Marco’s themes, or rather preoccupations, vary but often revolve around “the other,” in the sense of limits, borders and representations. In 2007, the “Migration” theme for Luxembourg’s Year of Culture gave him the opportunity to explore these questions of lifelong interest. In that case, he irrefutably deconstructed the notions of representation in the Schengen Agreement and Convention region by reinterpreting its cartography through a gesture of erasure and revelation. Several works in the exhibition, such as Welcome Stranger, written in white neon, and Mental Type, an alphabet of the artist’s invention, refer to the theme of “the other” and “us” in the face of personal isolation.

Does confinement in our inner worlds, of which Fernando Pessoa spoke, prevent us from seeing real life or simply from living it as if in a strange or dreamlike world? With his installation of Pessoa’s phrase “Tenho em mim todos os sonhos do mundo” (I have in me all the dreams of the world), spelled out with large steel nails in reference to the workers and former factory where the piece was first shown, in 2007, Marco metaphorically evokes the dichotomies between reality and dream, between materiality and illusion. Might the interstices he speaks of through his artistic utopias be a way of filling the gap, of confronting the absence and conceptualizing the invisible? This gap, which according to Ernst Bloch is the very definition of utopia, plays a central role in Marco Godinho’s artistic process. Art being not an escape route from life but an attitude, an approach inscribed in everyday life.

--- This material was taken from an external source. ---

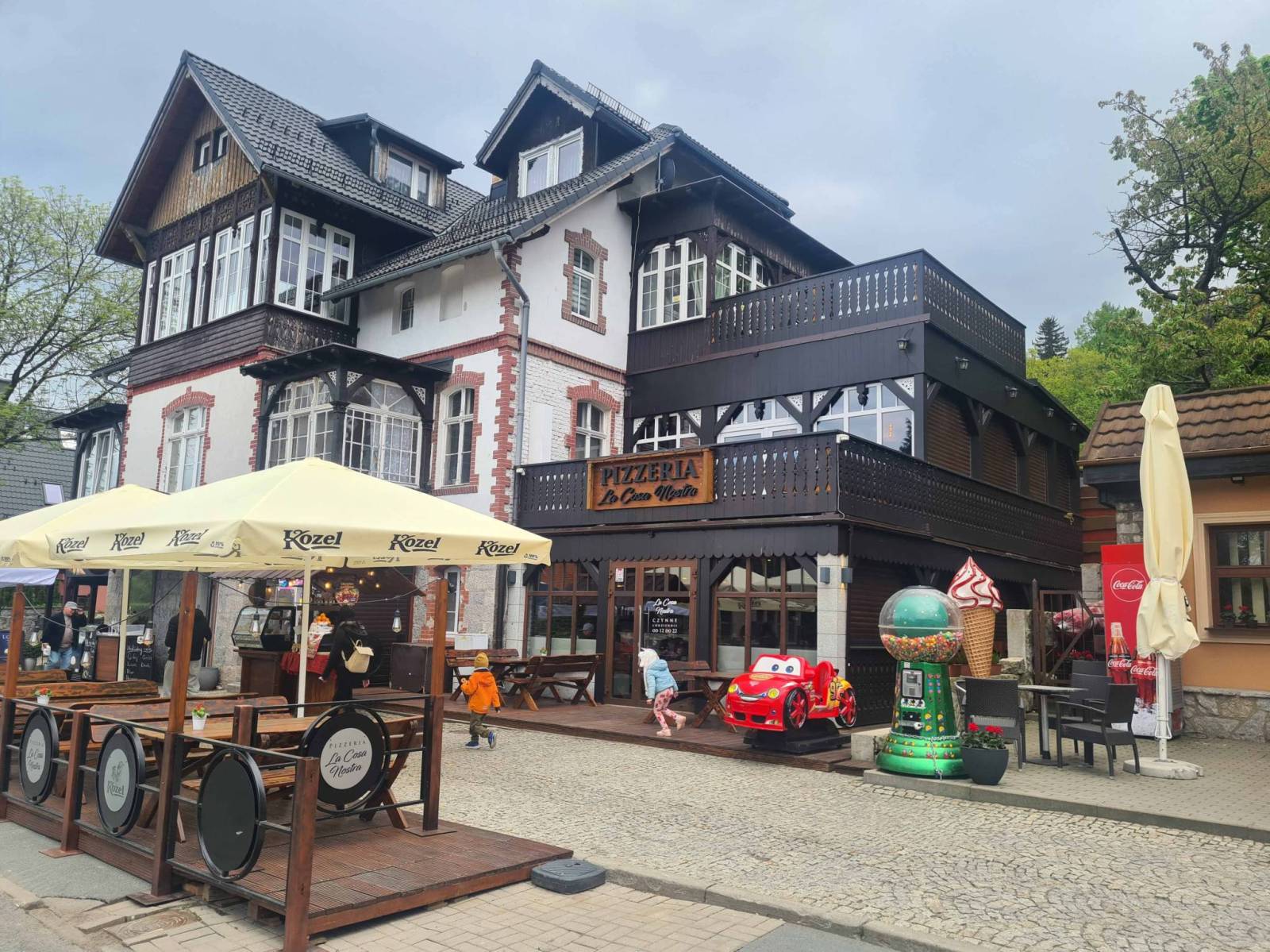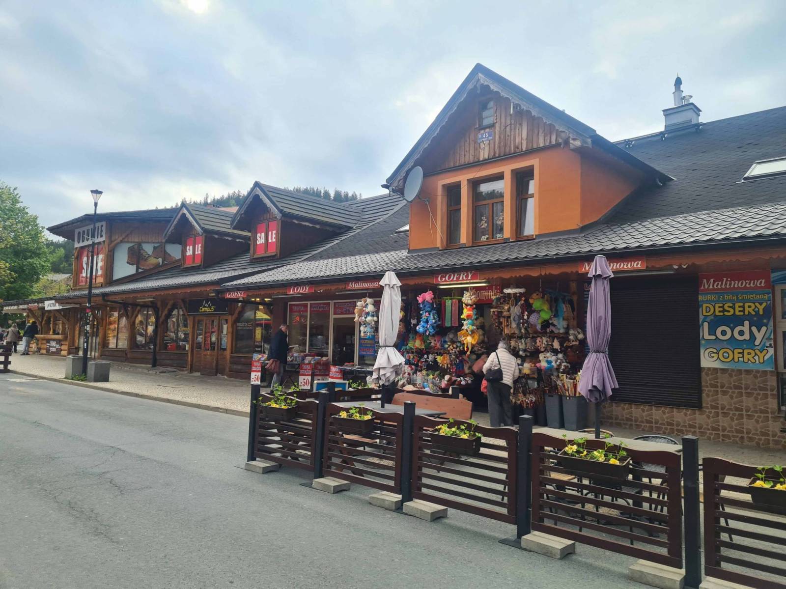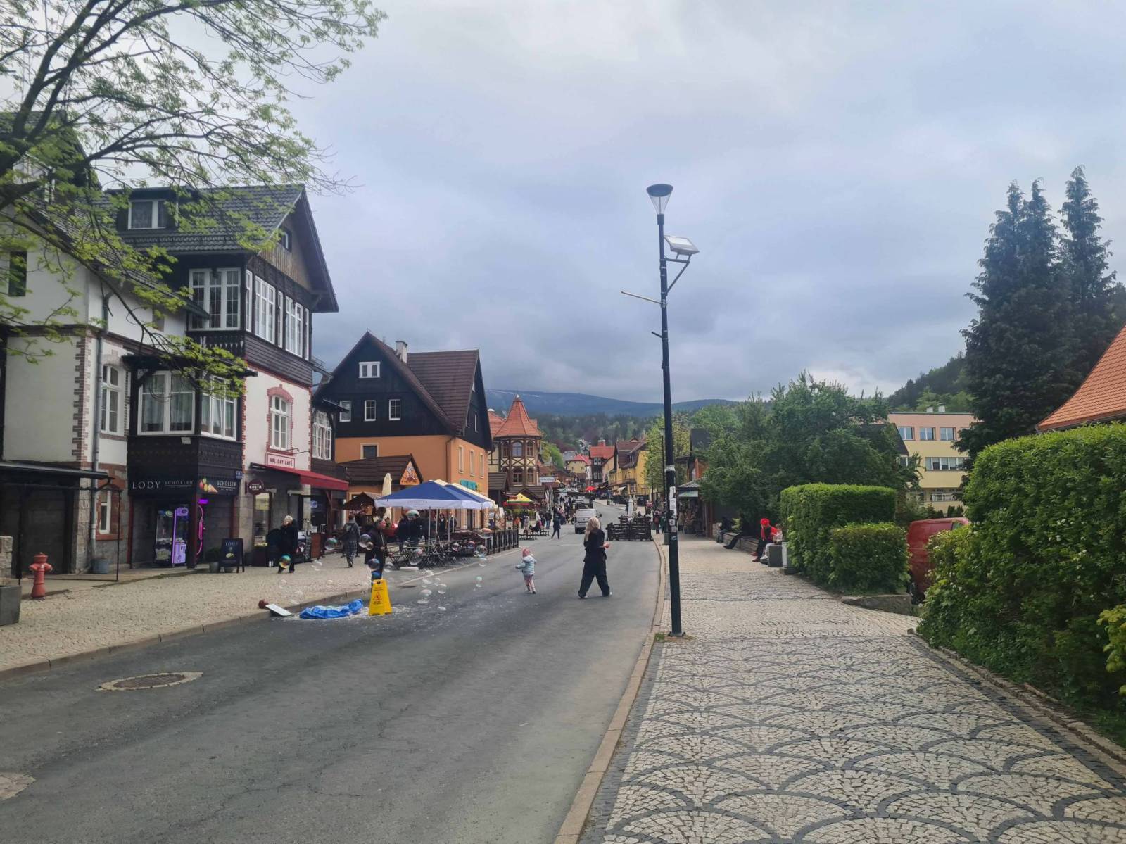 Spacerek do schroniska Samotnia nie okazał się zbyt męczący . Po krótkim odpoczynku , z Wilczej Poręby spacer do centrum Karpacza . Kiedyś był tu las , teraz osiedle typowo "pensjonatowe". Do Karpacza można dojechać asfaltową drogą , lub dojść wygodną ścieżką . W Karpaczu urodzinowe zjazdu na górskiej kolejce i powrót do resortu .
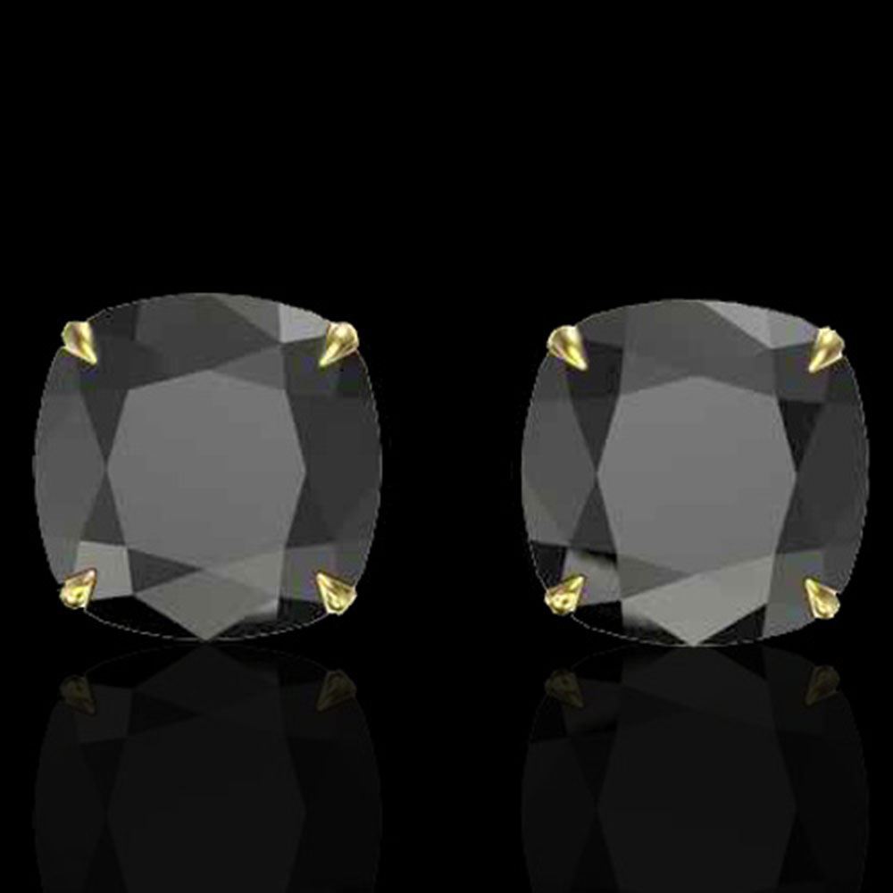 REF-290A9N - SKU: 21776 ---- 12 ctw Cushion Black Diamond Designer Earrings 18k Yellow Gold

And if our life were nothing but a long journey? A sort of peregrination “in endless search of an elsewhere, a place to briefly stop before setting out again,” as Marco likes to say. Inspired first by his immigrant family experience and then, of necessity, by his more universal thinking on present-day migration issues, works like Forever Immigrant are perpetually fuelled by the uncertainties of nomads and foreigners. “This form of feeling like a foreigner everywhere is a feeling I like to keep alive at all times.” More than providing answers, these works extend the questioning while, at the same time, drawing on the wandering. Begun like an uncharted voyage a dozen years ago, his journey has taken him, like a modern Ulysses, from Portugal to Spain and North Africa, from France to Italy and Greece, and, finally, marking an important milestone, to Venice.

Ai Murazzi, Lido, Venice

About five kilometers (as the crow flies) from the Arsenale, the Murazzi, dikes of white Istrian stone built in the late 18th century, hold back the waves of the Adriatic and, with them, all the secrets of the cast-off objects that wash up there. Contemplating the silvery glints of the breakwater lit by the setting sun, far from the tourists of Venice, we resume the habitual discussion of our views on art in the context of the Biennale. We talk about the difficulty of responding artistically to the particularly “Venetian” contrasts as a participant in the world’s leading contemporary art event.

This calm contemplation of the sea, with its evocation of mirror and infinity, takes us to a part of his oeuvre inspired by the Mediterranean, its ancient myths and its contemporary realities. “That sea forever starting and restarting,” as Paul Valéry wrote in the poem “The Graveyard by the Sea,” is at the heart of his maritime metaphors. Always the Mediterranean, its shimmer, its migrations and its conflicts, which Marco Godinho seems to exorcise through his artistic actions. In the video Cabo da Roca (2007), titled after the westernmost point of mainland Europe, in Portugal, the artist is powerless before the infinity of the ocean. His action is tense. Walking becomes exploratory, the body is reminded of its limits and the sense of void outweighs the intoxication of scenic beauty.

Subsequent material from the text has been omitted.